The diagnosis of Gaucher disease is established by a biochemical assay of glucocerebrosidase activity in white blood cells or skin fibroblasts with a reading generally < 30% of normal activity, depending on the laboratory used^[1]. Demonstration of two mutant alleles of the glucocerebrosidase gene provides diagnostic verification^[2].

Bone marrow biopsy has been used to ascertain the presence of Gaucher cells. However, pseudo-Gaucher cells often can lead to misdiagnoses such as chronic myelogenous leukaemia, acute myeloid leukaemia, Niemann-Pick disease, Hodgkin’s disease and centrocytic nodular non-Hodgkin’s lymphoma^[3]. Enzyme assay provides the confirmatory diagnosis.

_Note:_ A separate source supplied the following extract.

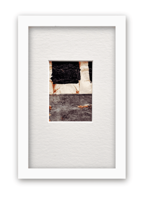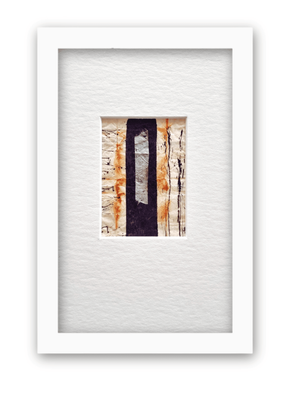 Medium Mixed Media Collage Tea Bags, Paper & Ink framed in white with a single mattboard. All these works have the same Matt Window Size. Slightly larger than series #2 - The outer frame size is the same. Can be purchased as a set of 5 for $1000 or individually at $225 each.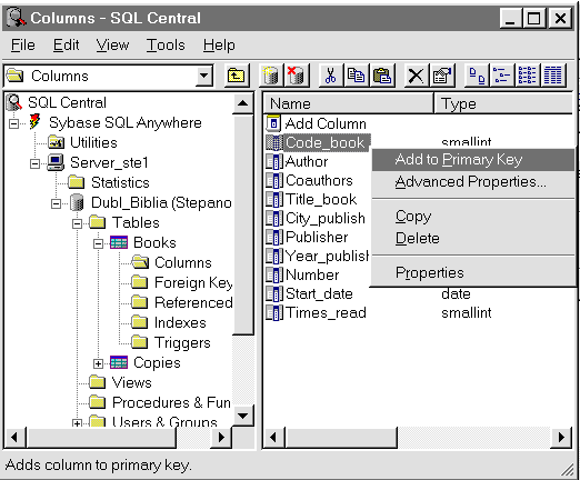 Некоторые свойства полей были рассмотрены в п.5.4, остальные - будут рассмотрены ниже. Свойства таблиц будут предметом рассмотрения п.5.6. В утилите SQL Central разработчики вынесли в окна редактора структуры таблиц наиболее часто используемые свойства полей (см. рис. 42). Доступ к остальным свойствам осуществляется через меню или панель инструментов редактора. Другим способом установить вышеуказанные свойства можно, используя контекстные меню полей и таблиц. Эти меню появляются после щелчка правой кнопкой мыши по соответствующему полю или таблице. В утилите ISQL определение свойств таблиц и ее полей осуществляется при помощи SQL-операторов Create Table и Alter Table. Установим дополнительные свойства полей в таблице Books базы данных Dubl_Biblia. Как было показано в п.5.4, эта таблица была создана путем копирования ее структуры из исходной таблицы базы данных Biblia. В создаваемую таким образом таблицу дополнительные свойства полей и свойства таблицы из исходной не переписываются. В связи с этим данные свойства необходимо установить принудительно. В таблице Books следует определить поле Code_book первичным ключом и показать как устанавливаются значения, присваиваемые этому полю по умолчанию. Для этого воспользуемся контекстным меню. ПРИМЕЧАНИЕ Изменять свойства полей таблицы имеют возможность ее владелец, пользователи с классом полномочий DBA и пользователи, для которых для работы с таблицей установлена привилегия ALTER (см. табл. 7). Подключитесь к базе данных Dubl_Biblia в утилите SQL Central для установления дополнительных свойств полей таблицы Books. Отобразите в правой панели перечень ее полей. Последовательно раскройте содержимое папок Tables, Books и Columns. Выделите поле Code_book и щелкните по нему правой кнопкой мыши. В результате этого появится контекстное меню (рис. 45).

For more information about laboratories in Belgium where testing for deficient glucocerebrosidase activity can be performed, see LSD specialized laboratories in Belgium

Gaucher disease can pose a challenge to diagnose, despite the availability today of accurate, non-invasive diagnostic tests mentioned above. Misdiagnosis is not unusual and it can delay treatment and thus compromise successful treatment outcomes.

The difficulty arises in part because of the relative rarity of the disease--some practitioners may not even consider testing specifically for it, especially since clinical signs and symptoms may suggest other diseases.^[4,5] Moreover, the disease's clinical course can be unpredictable; signs and symptoms may take years to emerge and may progress at varying rates,^[4,5] further complicating the question of which tests to order.

Many of Gaucher disease's presenting symptoms--from distended abdomen to bone pain to hematological complications--are found with other more common diseases. Thus it's not unusual for physicians to suspect other disorders and initially misdiagnose Gaucher patients. Some of the most common misdiagnoses include: ^[6]

Leukemia

Lymphoma

Bleeding disorders

Osteomyelitis

Legg-Calvé-Perthes

References

1. Aerts JMFG, Boot RG, Renkema GH, et al: Molecular and biochemical abnormalities of Gaucher disease: chitotriosidase, a newly identified biochemical marker. Seminars in Hematology 32(3, suppl 1):10-13, 1995

2. Duursma SA, Aerts JMFG, Belmatoug N, et al: Management of Gaucher disease. Current status and future directions. A roundtable discussion. Seminars in Hematology 32(3, suppl 1):45-52, 1995

3. Alterini R, Rigacci L, Stafanacci S: Pseudo-Gaucher cells in the bone marrow of a patient with centrocytic nodular non-Hodgkin’s Lymphoma. Haematologica 81:282-283, 1996

4. Beutler E, Grabowski G. Gaucher disease. In:Scriber CR, Beaudet AL, Sly WS, et al, eds. The Metabolic and Molecular Bases of Inherited Disease. 7th ed. New York, NY: McGraw-Hill; 1995;2:2641-2661.

5. Cox TM, Schofield JP. Gaucher's disease: clinical features and natural history. Bailliere's Clinical Haematology. 1997;10(4):657-689.

6. Grabowski GA. Lysosomal storage diseases. In: Braunwald E, Fauci AS, eds. Harrison's Principles of Internal Medicine. 15th ed. New York, NY: McGraw-Hill; 2001:2276-2281.